# An Efficient Protocol for Distributed Column Subset Selection in the Entrywise $\ell_p$ Norm

## Requirements

The dependencies are specified in requirements.txt.

To install requirements, follow these steps:
1. Run "sudo apt-get update"
2. Clone this repository.
3. Install pip3 by running "sudo apt-get install python3-pip"
4. Run "pip3 install -r requirements.txt"

Beyond this, you may have to install MOSEK (a solver used by CVXPY).
This is need to perform l1 regression to evaluate the error of our
protocol. MOSEK can be downloaded at https://www.mosek.com/downloads/
and offers free academic licenses.

## Running Our Experiments (Obtaining Data)

# Synthetic Data
To run the synthetic data experiments included in the main paper, run

> python3 dist_greedy_baseline.py --main_paper 1 --test_rank k --num_trials t

to generate our synthetic dataset with the parameter k (if it is not
generated already --- otherwise it is not generated again) for t trials.
The results will be saved to the folder named Synthetic_Checkpoints_rank_k 
in JSON format.

# bcsstk13 - All Settings
Before running these experiments, bcsstk13.mtx should be downloaded
from https://math.nist.gov/MatrixMarket/data/Harwell-Boeing/bcsstruc1/bcsstk13.html
and placed in the same directory as the script.

To run the bcsstk13 experiments included in the main paper and in
section G of the supplementary materials, run

> python3 bcsstk13_experiments.py --test_rank k --num_trials t

in order to run them for a target rank k and for t trials. The results
will be saved to the folder Checkpoints_bcsstk13s_rank_k in .pickle format.
These can be quickly converted to .json format as specified below.

# isolet transpose - All Settings
To run the isolet_transpose experiments included in the main paper and in
section G of the supplementary materials, run

> python3 isolet_experiments_col_dim_large.py --test_rank k --num_trials t

in order to run them for a target rank k and for t trials. The results
will be saved to the folder Checkpoints_bcsstk13s_rank_k in .pickle format.
These can be quickly converted to .json format as specified below. Before
running this, make sure isolet1+2+3+4.csv is in the same directory. This
can be downloaded from https://archive.ics.uci.edu/ml/datasets/ISOLET.
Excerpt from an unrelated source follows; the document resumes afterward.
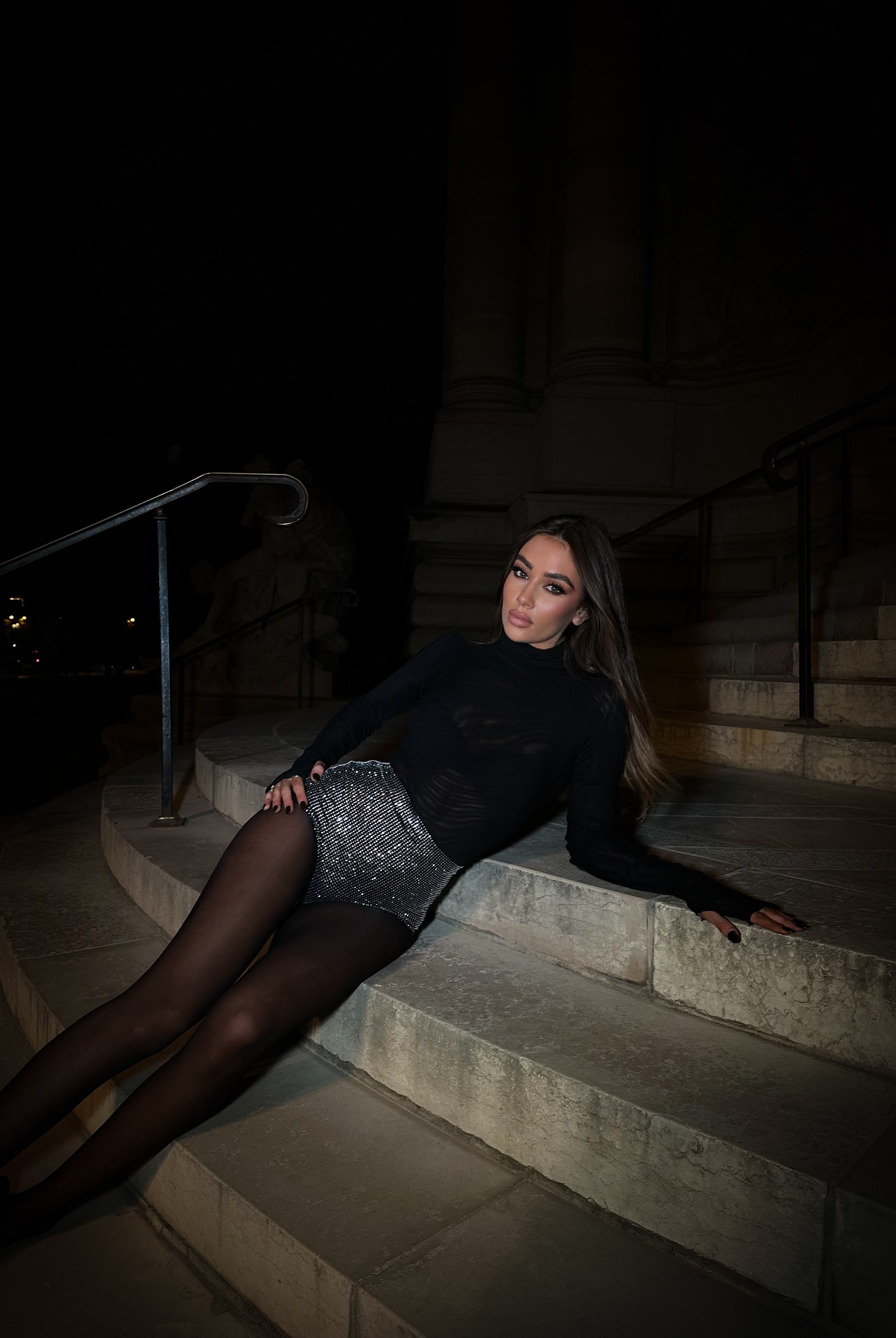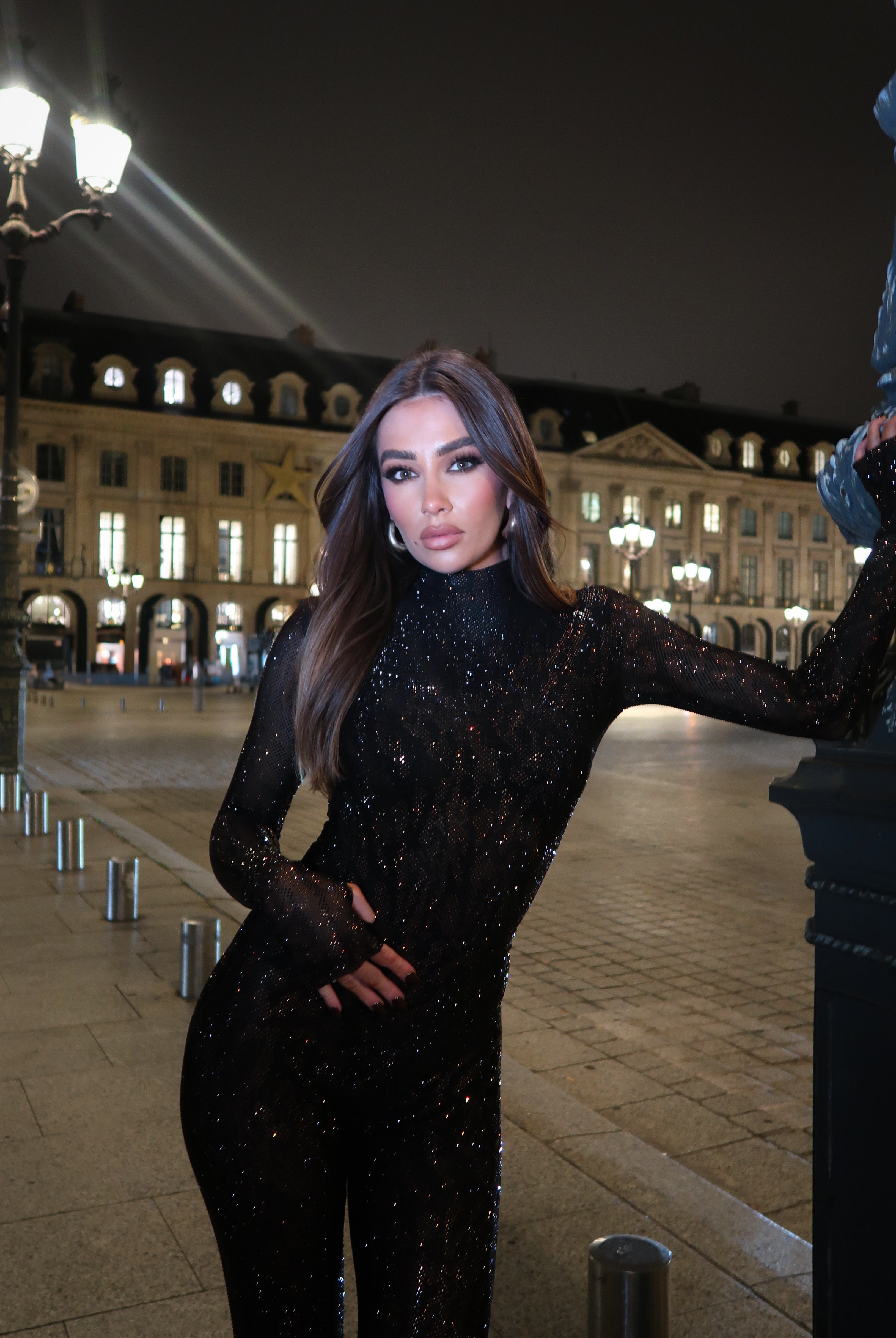 Black Starfall Diamante Mesh

# caltech101 Images - All Settings
To run the caltech101 experiments included in the main paper and in
section G of the supplementary materials, run

> python3 caltech101_experiments.py

The results will be saved to the folder Caltech101_Checkpoints. 
Similarly, these can be quickly converted to .json format as specified below.
Before running this, make sure to have the Caltech 101 images in the
same directory. These can be downloaded from http://www.vision.caltech.edu/Image_Datasets/Caltech101/.

# Section F of Appendix
Before running the script, download the SECOM and gastro_lesions datasets
using the links given in Section F. Create a folder titled "Additional Datasets"
Within that folder, place secom.data in the secom folder, and for gastro_lesions,
place data.txt in a new folder titled "gastroenterology_dataset".

To obtain the results for the comparison between our protocol and the
distributed protocol of https://arxiv.org/abs/1605.08795, run the
following command:

> python3 dist_greedy_baseline.py --main_paper 0 --dataset_name ds --test_rank k --num_trials t

where test_rank and num_trials are the same as before, and ds can be
one of gastro_lesions and secom. The results will be saved in JSON
format in the checkpoints_ds_distributed_greedy_l1_protocol_comparison
folder.

# Converting pickled files to JSON format.

Many of our results will be saved as pickled files, within directories
whose names are given above. To convert them to JSON format, run

> python3 convert_pickle_to_json.py --directory_name folder

which converts all the files in the directory whose name is "folder"
from .pickle files to .json files.

## Plotting the Results

# Synthetic Data Experiments
To plot the synthetic data experiments included in the main paper, run

> python3 dist_greedy_baseline.py --main_paper 2

This assumes that the synthetic data experiments have already been run
for ranks 10, 20, and 30.

# Section F of Appendix
To plot the results for the comparison between our protocol and the
distributed protocol of https://arxiv.org/abs/1605.08795, run the
following command:

> python3 dist_greedy_baseline.py --main_paper 3

The plots will be saved to the current working directory.

# Section G of Appendix
To make the plots in our main paper and appendix. Simply run 

> python3 experiment_stats.py 

> python3 plot.py 

in this order. The plots will be saved to the folder Plot.